At volume, yes. At low volumes, no. The break-even point depends on your model quality requirements, GPU tier, and pricing model. For 7B–13B models on H100 spot (RunPod ~$1.35/hr), you break even vs the OpenAI API at roughly 5–20M tokens/month. Below that, the operational overhead of managing GPU instances may not be worth the savings. Reserved or on-demand pricing shifts break-even to 20–100M tokens/month.
What's the cheapest GPU for running a 7B model in 2026?
For raw cost-per-token on a 7B model, the RTX 4090 on spot marketplaces (Vast.ai, RunPod) often wins at $0.35–$0.45/hr, delivering ~2,500 tokens/sec for approximately $0.040–0.050/1M tokens. The A100 on Vultr at $0.125/hr on-demand is the best on-demand pick (very low cost, no spot risk). H100 spot at $1.35/hr is faster but the cost-per-token is similar given proportionally higher throughput.

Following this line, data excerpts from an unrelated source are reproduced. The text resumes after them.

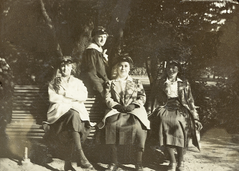 Fyra tonårsflickor i halvlånga kappor, kjol och skolmössa har samlats vid en parksoffa, möjl. i Strandbjörket, Växjö.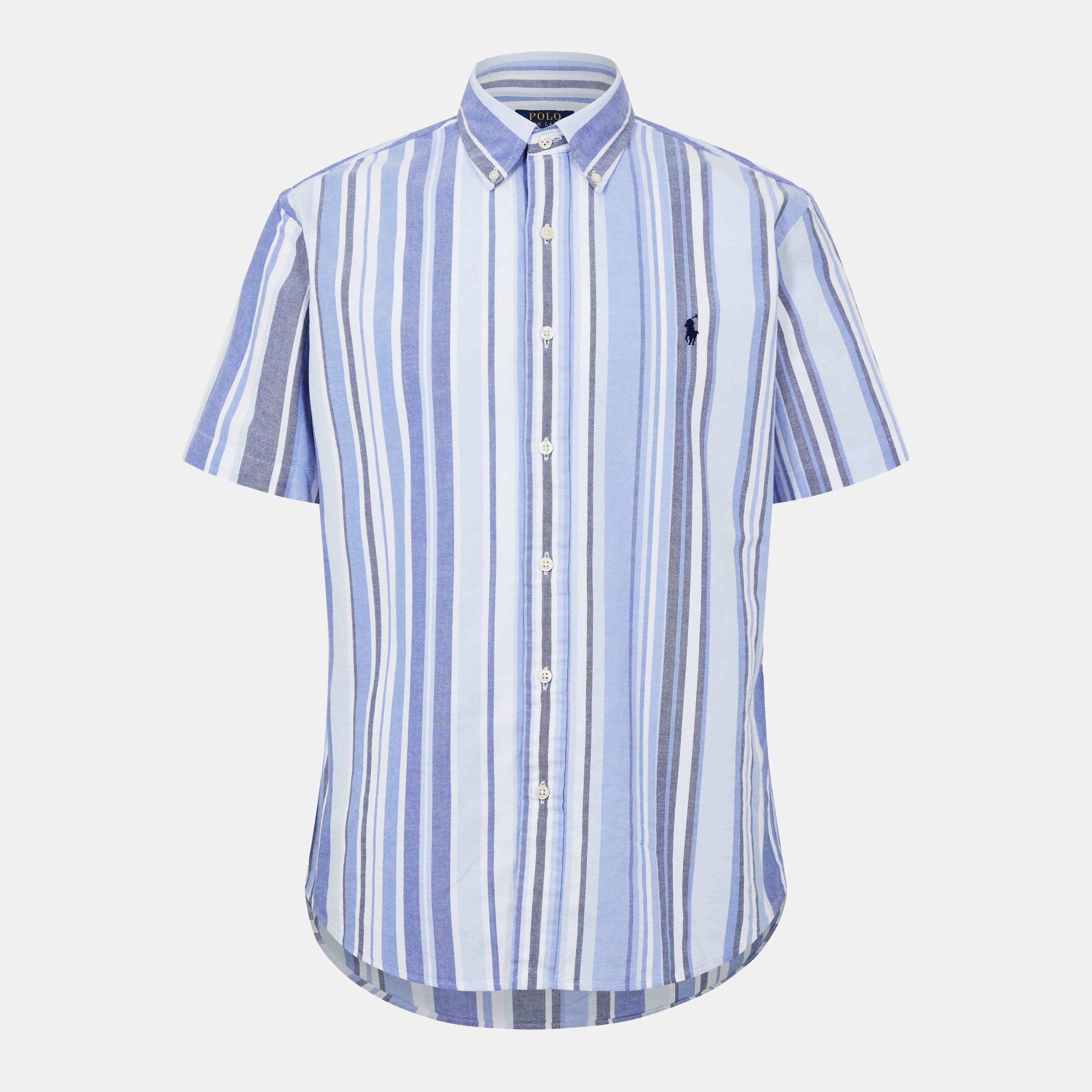 Revitalise your everyday collection with the Custom Fit Striped Oxford Shirt from Polo Ralph Lauren. Cut to a trim silhouette and tailored at the waist for a structured look, this men's short sleeve shirt is ideal for a sophisticated summer garden party, a destination wedding or relaxing at home.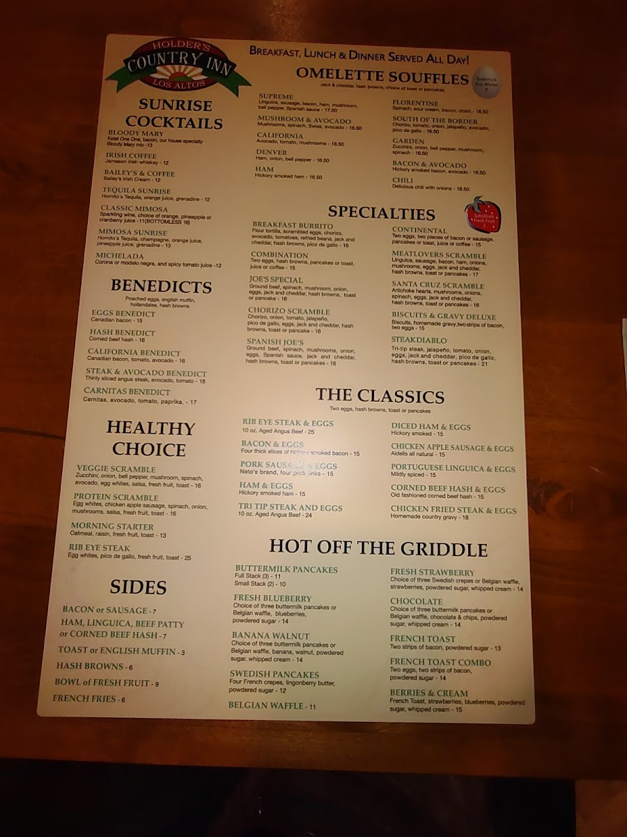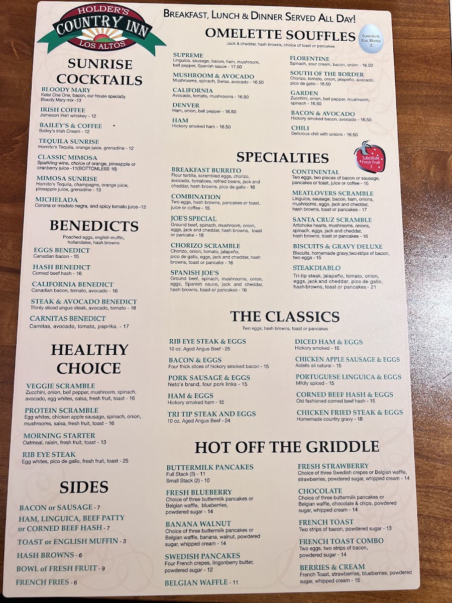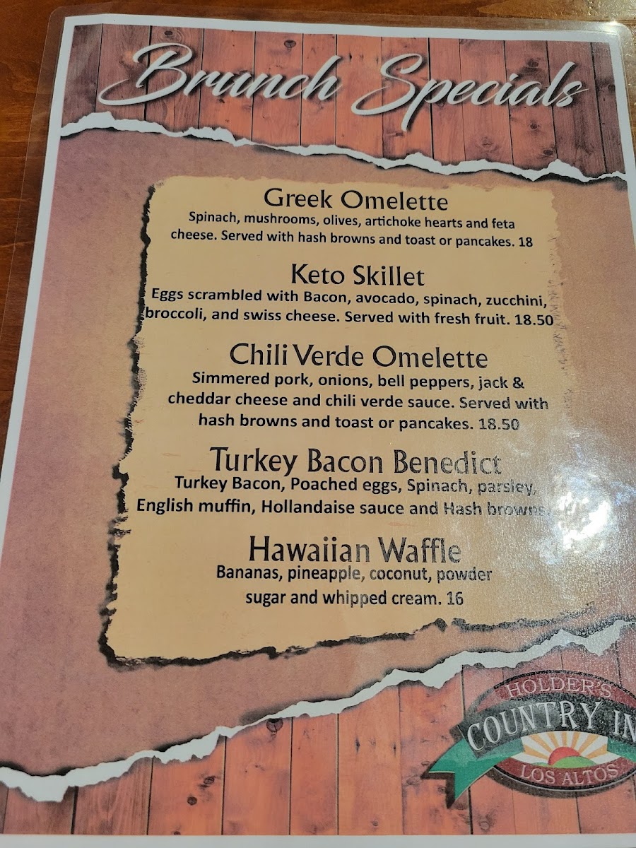 Ground beef, spinach, mushrooms, onion, eggs, Spanish sauce, jack and cheddar, hash browns, toast or pancakes.

Do I need multiple GPUs for 70B models?
Yes. A 70B model at FP16 requires ~140GB VRAM. You'll need either an H200 (141GB), 2× A100 80GB, 2× H100 80GB, or 4× L40S/RTX 4090. This calculator shows per-GPU cost but for 70B+ models, your actual cost is 2× or more the listed per-GPU rate. Use the model size selector — when you select 70B, the calculator adjusts throughput estimates to reflect this constraint.
What inference framework should I use for best token throughput?
vLLM is the current gold standard for throughput on NVIDIA GPUs, especially at high batch sizes. TGI (Hugging Face Text Generation Inference) offers good compatibility. SGLang is excellent for structured outputs. llama.cpp is best for CPU inference or low-VRAM GPU inference with quantization. The throughput estimates in this calculator assume vLLM — other frameworks may be 20–50% slower at similar batch sizes.